Look below for the line holding "18日下午,習近平總書記來到" and the line holding "I won’t retype". Repeat those two and everything between, exactly.

» **EXERCISE DATA**:
===============

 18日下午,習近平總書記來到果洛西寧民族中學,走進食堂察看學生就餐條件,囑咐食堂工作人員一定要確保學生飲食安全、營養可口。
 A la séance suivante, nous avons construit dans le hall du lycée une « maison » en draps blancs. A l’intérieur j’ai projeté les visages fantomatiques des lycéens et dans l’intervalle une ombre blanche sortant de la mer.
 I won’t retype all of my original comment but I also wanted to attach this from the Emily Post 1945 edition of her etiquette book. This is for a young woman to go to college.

===============

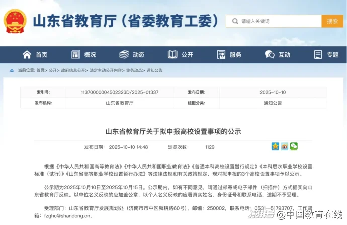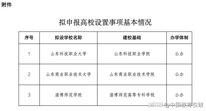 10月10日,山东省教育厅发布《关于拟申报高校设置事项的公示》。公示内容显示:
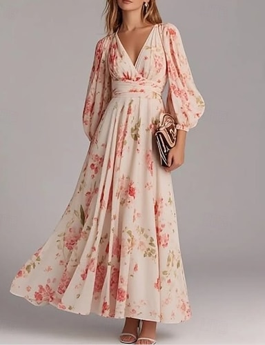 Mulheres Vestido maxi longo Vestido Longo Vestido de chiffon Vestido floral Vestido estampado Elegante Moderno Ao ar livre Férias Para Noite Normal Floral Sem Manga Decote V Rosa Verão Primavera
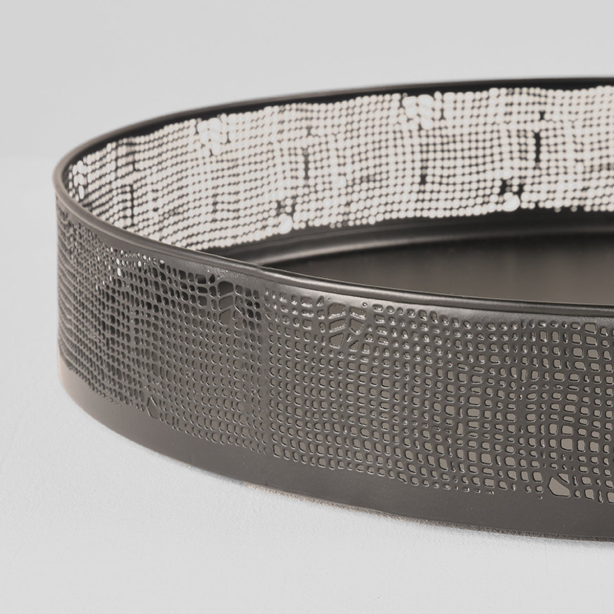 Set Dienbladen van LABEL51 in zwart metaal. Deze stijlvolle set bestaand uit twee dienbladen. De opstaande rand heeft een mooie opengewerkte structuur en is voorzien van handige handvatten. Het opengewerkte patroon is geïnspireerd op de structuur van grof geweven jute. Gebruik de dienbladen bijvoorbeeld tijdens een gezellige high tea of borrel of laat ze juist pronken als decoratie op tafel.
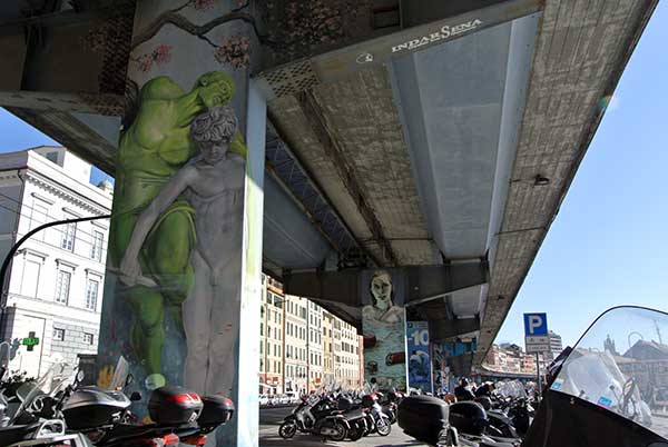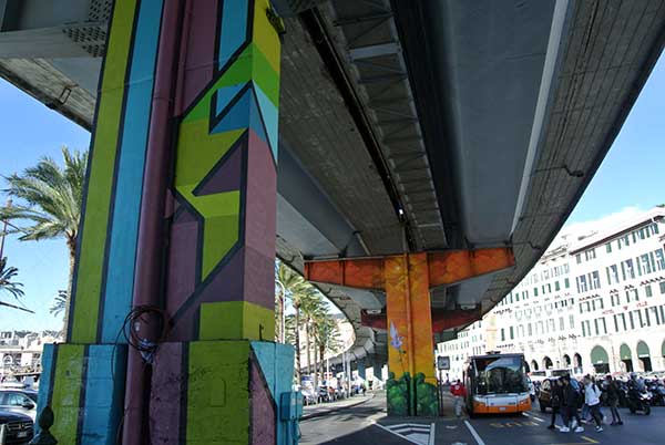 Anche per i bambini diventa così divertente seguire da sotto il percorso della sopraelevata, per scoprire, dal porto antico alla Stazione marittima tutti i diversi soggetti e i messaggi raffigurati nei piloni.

===============

» **OUTPUT FOR THIS EXERCISE**:
 18日下午,習近平總書記來到果洛西寧民族中學,走進食堂察看學生就餐條件,囑咐食堂工作人員一定要確保學生飲食安全、營養可口。
 A la séance suivante, nous avons construit dans le hall du lycée une « maison » en draps blancs. A l’intérieur j’ai projeté les visages fantomatiques des lycéens et dans l’intervalle une ombre blanche sortant de la mer.
 I won’t retype all of my original comment but I also wanted to attach this from the Emily Post 1945 edition of her etiquette book. This is for a young woman to go to college.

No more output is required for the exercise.